Data lineage and data sovereignty: from anarchy to harmony

Data lineage and data sovereignty: from anarchy to harmony

In this special guest feature, Sashank Purighalla, CEO and Founder of BOS Framework, discusses how data sovereignty and lineage impact each other, how you can track data lineage, and what we can do to confront data anarchy. BOS Framework is a microservices and DevSecOps automation platform that enables enterprises to drive up business efficiency and fix security gaps.


This article was originally published on InsideBigData.

Digital privacy has come a long way since June 2013, when Edward Snowden and WikiLeaks got us thinking about rightful data ownership and governance. Despite the initial shift towards data democratization, many factors have contributed to the fact that we now live in the age of data anarchy instead. 

Firstly, the sheer volume of data produced by our digital footprints means that data management is in a state of disorder. This is due to the absence of a standard that regulates who can claim direct access to the data. There’s an ongoing, philosophical debate between companies, countries, and legal authorities due to the uncertainty surrounding data protection, retention, and access. Who owns the data? Is it the individual, an organization, a country, or should it even be more of a universal asset? And how do you then govern this uncertainty? 

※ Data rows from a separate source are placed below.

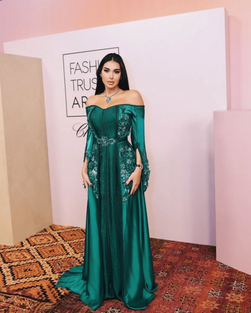 At Fashion Trust Arabia in Marrakech, Yasmine Sabry stepped out in a deep emerald custom made caftan by Selma Benomar. The off-shoulder cut adds a contemporary edge, while the floral embellishments and structured bodice stay true to traditional Moroccan techniques. It’s dramatic, polished, and unmistakably rooted in place.
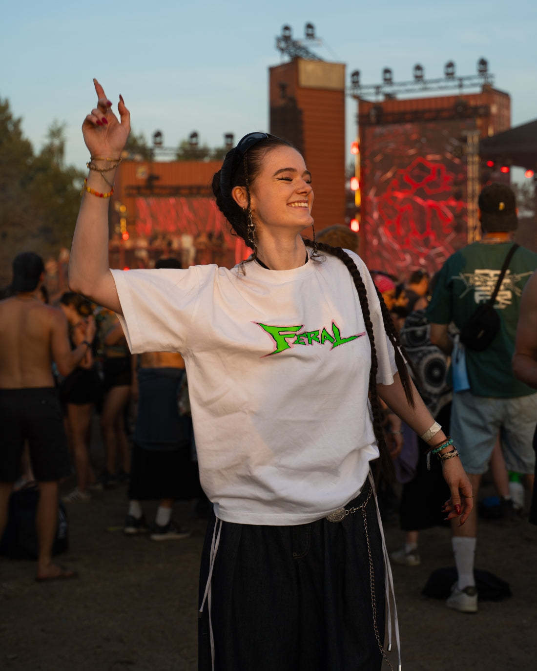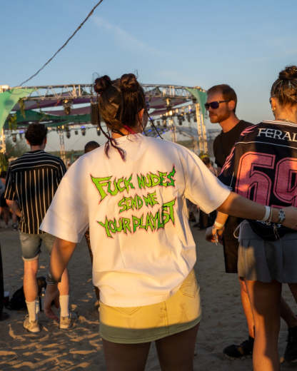 Premium 240gsm luxury white cotton tee featuring the original viral slogan "FUCK NUDES SEND ME YOUR PLAYLIST" on the back and matching FERAL logo on front. Unisex fit, rave-ready.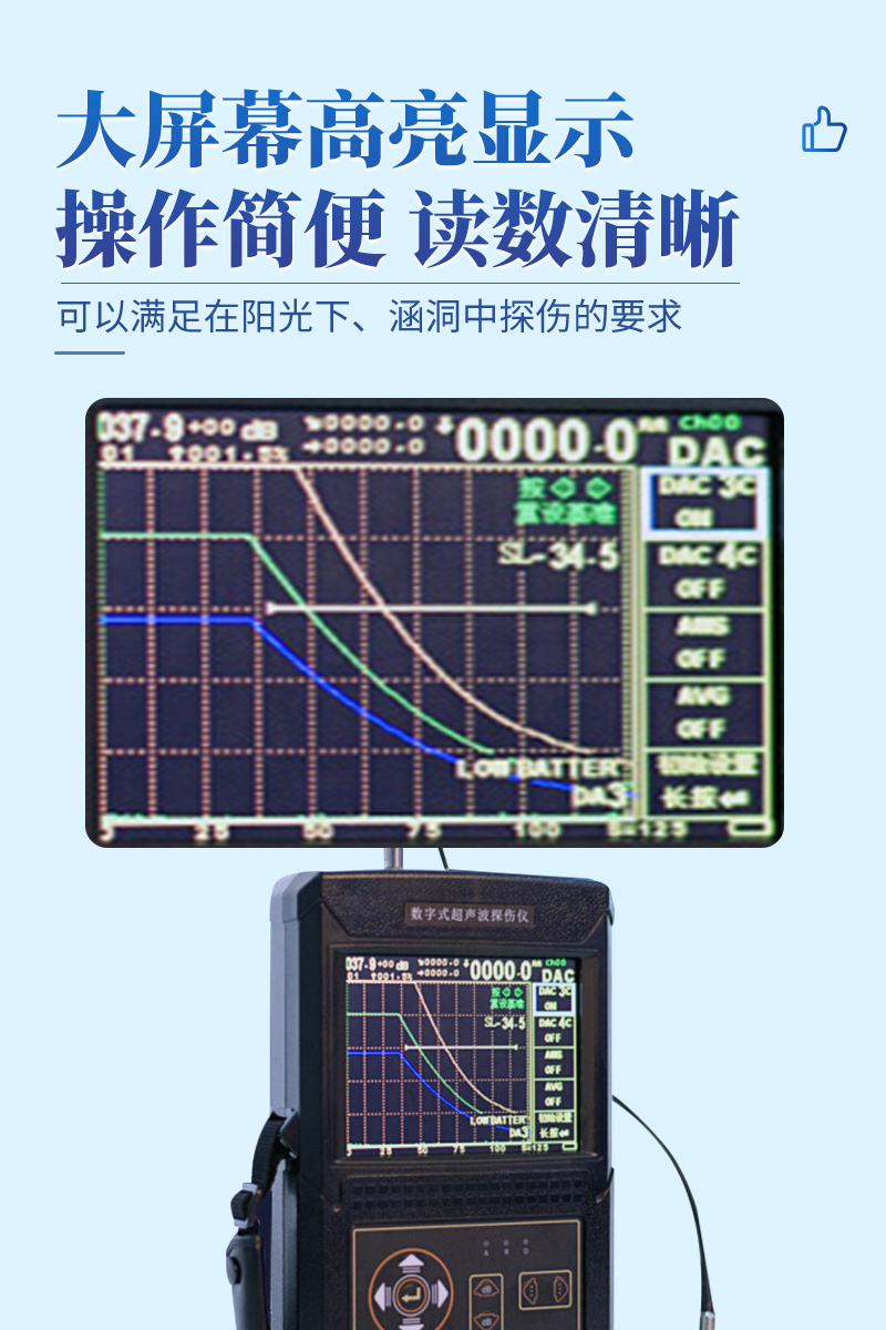 大屏幕高亮顯示,可以滿足在陽光下、涵洞中探傷的要求。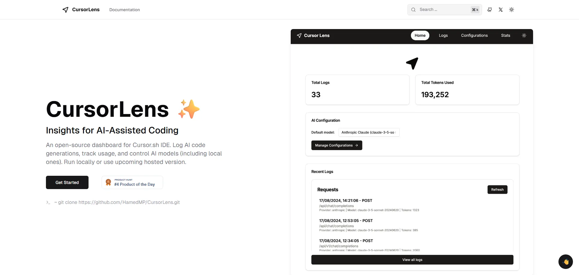 CursorLens es una herramienta de código abierto diseñada para ayudar a los desarrolladores a gestionar la generación y el uso de código de IA. Cuenta con un panel intuitivo para realizar un seguimiento de las interacciones con la IA y registrar la actividad de forma eficiente. Gracias a la compatibilidad con el almacenamiento en caché, mejora el rendimiento y reduce los tiempos de respuesta. Puede ejecutarse localmente o mediante una próxima versión alojada, ofreciendo flexibilidad en la implementación. Su integración con diversos modelos de IA permite experiencias de programación personalizables y optimizadas, ideal para desarrolladores individuales y equipos.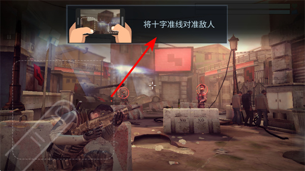1、游戏中,需将十字准线对准敌人,这是精准射击的基础操作,确保能命中目标。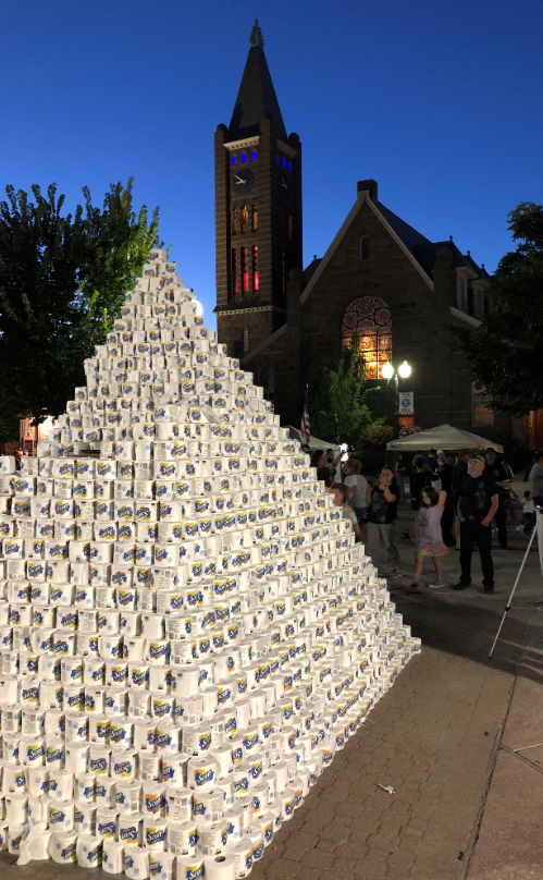 “It takes a village to raise a pyramid,” said the Rev. Dwight Lee Wolter, pastor of the Congregational Church. “Over 1,500 people—workers and donors—contributed to this effort to provide toilet paper to homeless veteran and domestic violence shelters. Over 15,000 rolls were ultimately collected for this communal effort without corporate or foundation support. And we noticed, by the way, the moon atop the pyramid that appeared like a celestial benediction.”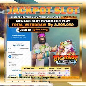 Testi Jackpot Slot Member Mantratoto permainan Pragmatic Play Hari ini dengan bantuan RTP Live Terupdate Setiap Hari.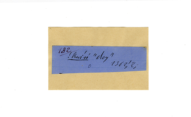 ink on blue paper glued on card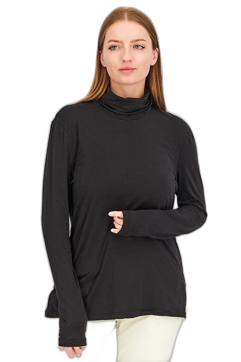 Black Solid Long Sleeve Turtle Neck Top for Women.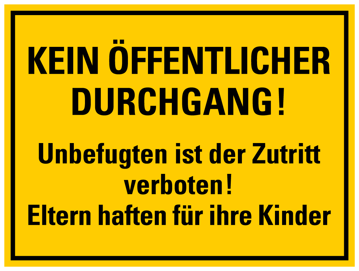 Startseite » Aufkleber / Folien / Schilder » Warnzeichen und -aufkleber » Aufkleber Verbot Warnung „Kein öffentlicher Durchgang!“ Etikett | Größe wählbar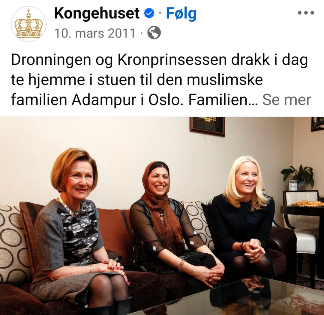 Kongehuset er selvsagt ikke ukjent med de islamske miljøene og organisasjonene som nå befinner seg i Norge. Mange moskeer er besøkt, så også familier. Som da dronning Sonja og kronprinsessen drakk te hjemme i stuen til familien Adampour i mars 2011.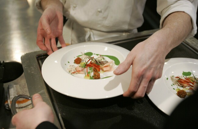 Chef Grant Achatz places one of the many courses on a server's tray in the Alinea restaurant kitchen in Chicago. AP/Press Association Images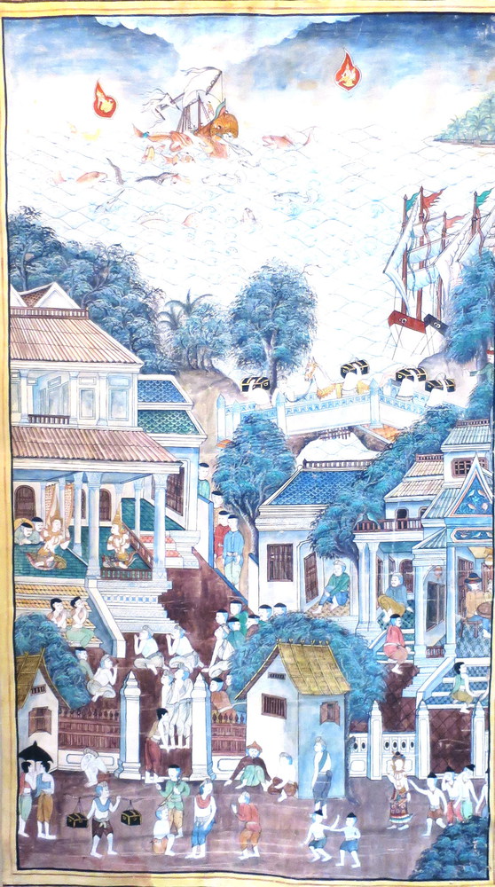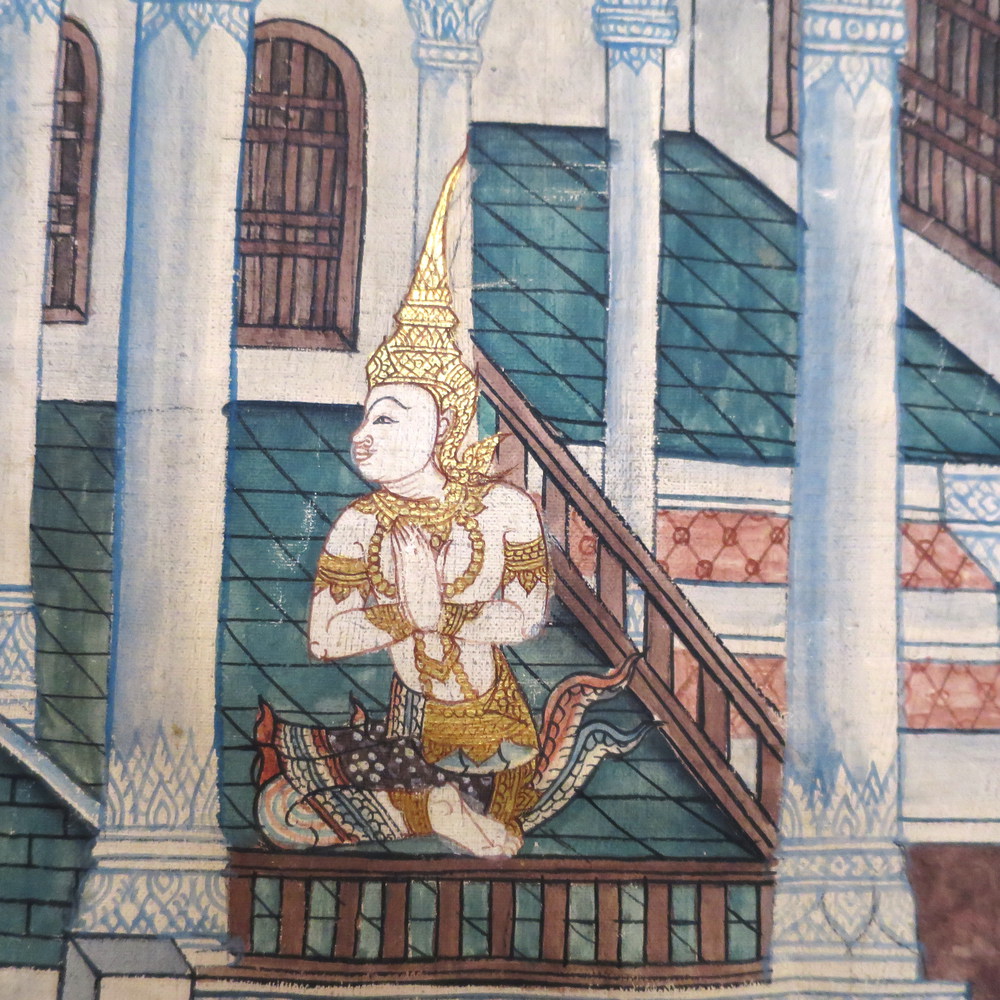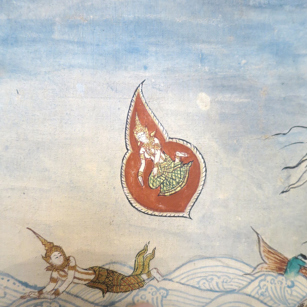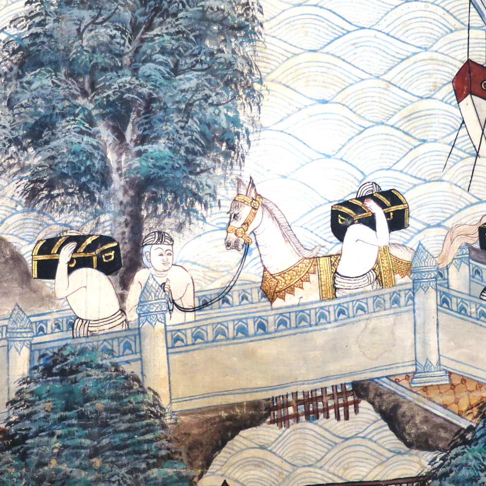 PANNELLO, Pannello in cotone dipinto raff. "scene di vita quotidiana" - Thailandia 1920 - cm 87.5 x 154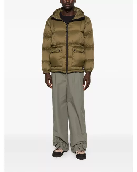olive green hooded two front flap pockets zip fastening quilted design long sleeves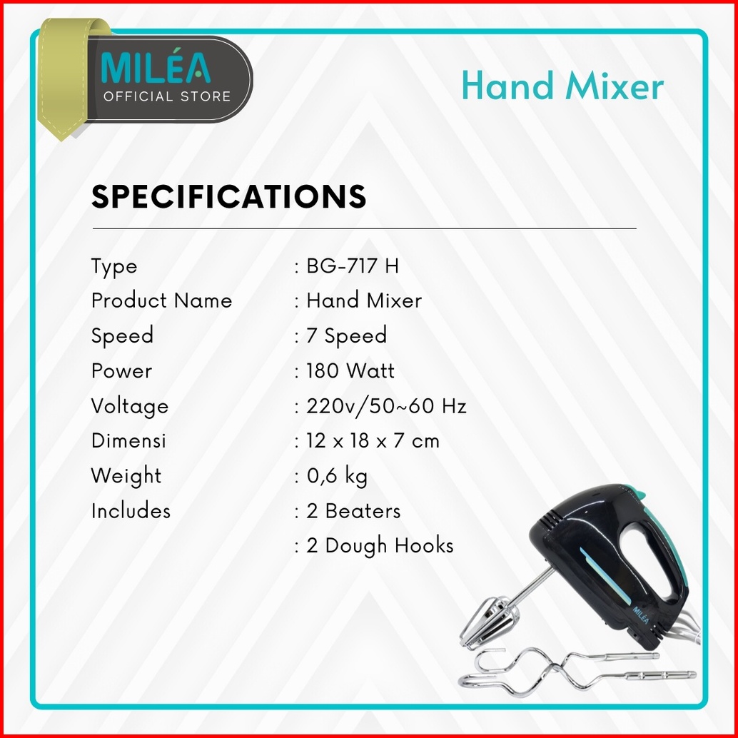 Milea - Hand Mixer Pengaduk Adonan Pengocok Telur Dengan 7 Pilihan Kecepatan Otomatis Bg-717h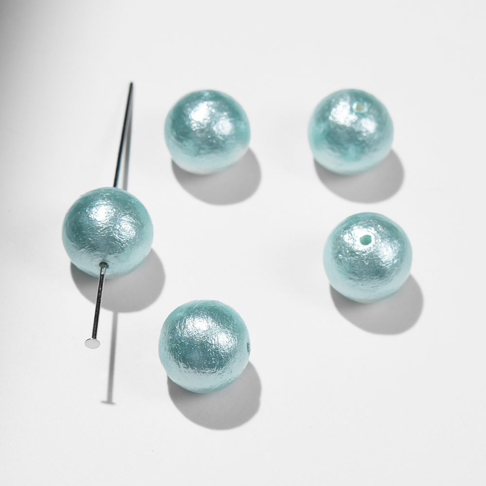 Хлопковый жемчуг, оттенок "Aqua", шар 14мм, сквозное отверстие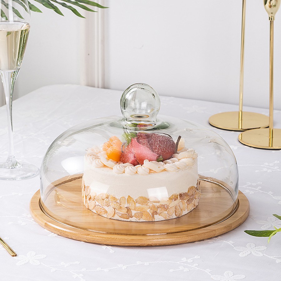 __ THÔNG TIN SẢN PHẨM:+ Chụp thủy tinh đế gỗ dùng để úp bánh gato, các loại bánh chụp còn có thể dùng để chụp thức ăn, hoa quả…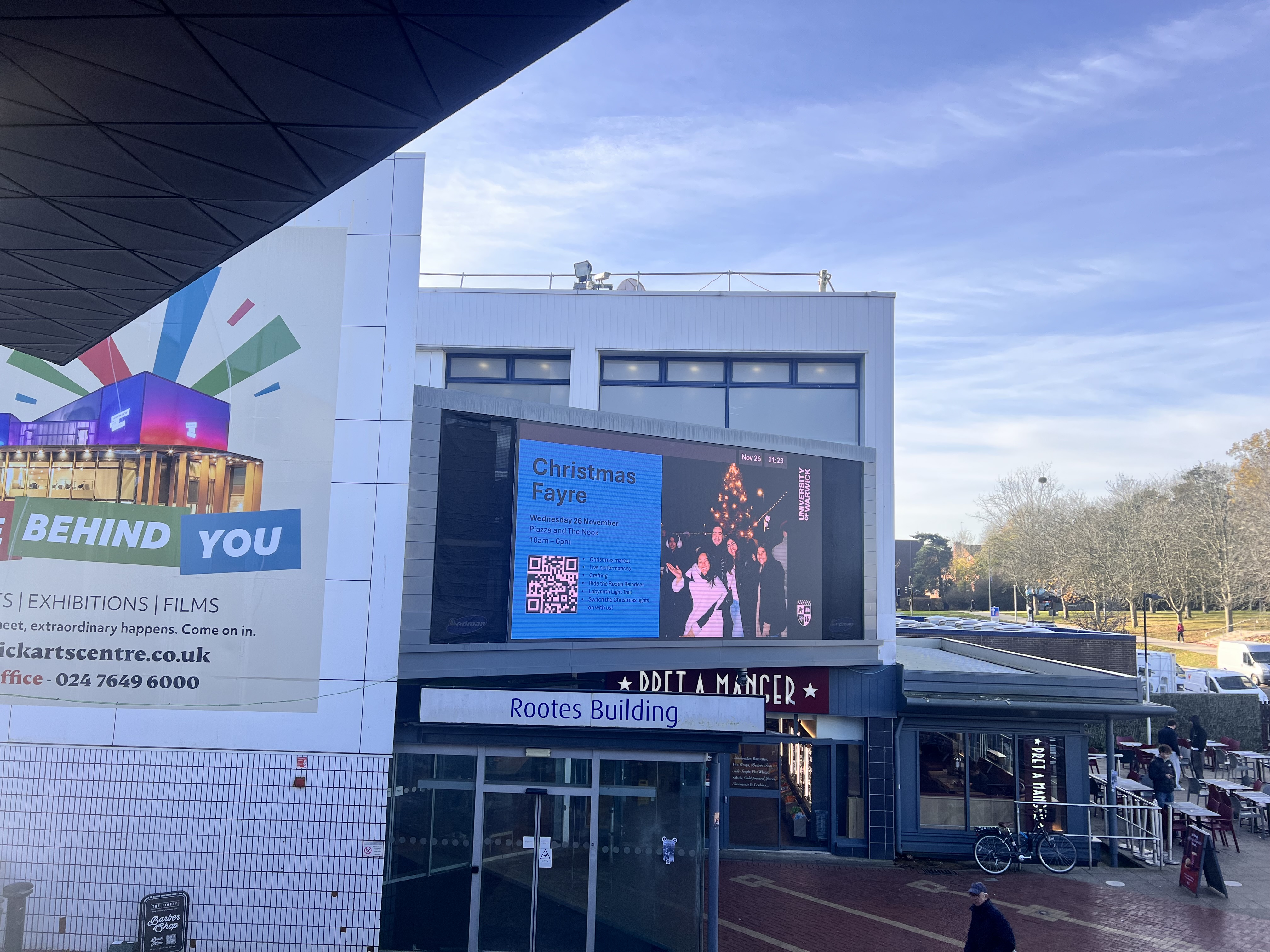 Each day, the Big Screen show a playlist of varying content. Sometimes the screen is taken over for specific events, such as open days, family days, graduation, sporting or cultural events and screenings.

Data lineage – the process of understanding and recording data through its lifecycle – involves tracing data back to where it started and capturing its movements across multiple systems and possibly across multiple geographies. But lineage is a challenge since data sovereignty and governance vary from country to country, and the rules change frequently. Data anarchy has become part of IT specialists’ everyday working lives.

Lastly, since there’s a disconnect between security, developer, and operation teams, siloed applications are often built over a number of years by various developers without a common architecture standard. This means hackers can find data vulnerabilities to exploit more easily.

So, let’s discuss how data sovereignty and lineage impact each other, how you can track data lineage, and what we can do to confront data anarchy. 

The Clash of the Data Titans 

Data engineers and scientists are often seen as the yin and yang of turning raw sets of data into useful insights. However, current systems still impede their ability to work efficiently together.

Scientists are interested in having lots of data structured in a certain way to make an insightful report analysis. 

In contrast, engineers are interested in ensuring that they put data in formats consistent with the regulation that governs specific geographies and industries. Therefore, inherently, engineers are restricted based on governance while scientists want more of it to deal with large volumes of data.

As data is continually produced over a span of time while the governing laws in countries and industries are constantly evolving due to political influences, anarchy becomes a very natural outcome. Navigating the inconsistent global privacy landscape and regulation is tough for IT professionals, especially since January 2021, as 130 jurisdictions worldwide have adopted different data privacy laws. 

Regulation is in a state of flux due to an evolving ecosystem where every country has its own laws about governing their data. For example, China’s recently announced strict personal data protection laws will require companies to pass a security assessment, and already very few foreign apps make it inside the country. 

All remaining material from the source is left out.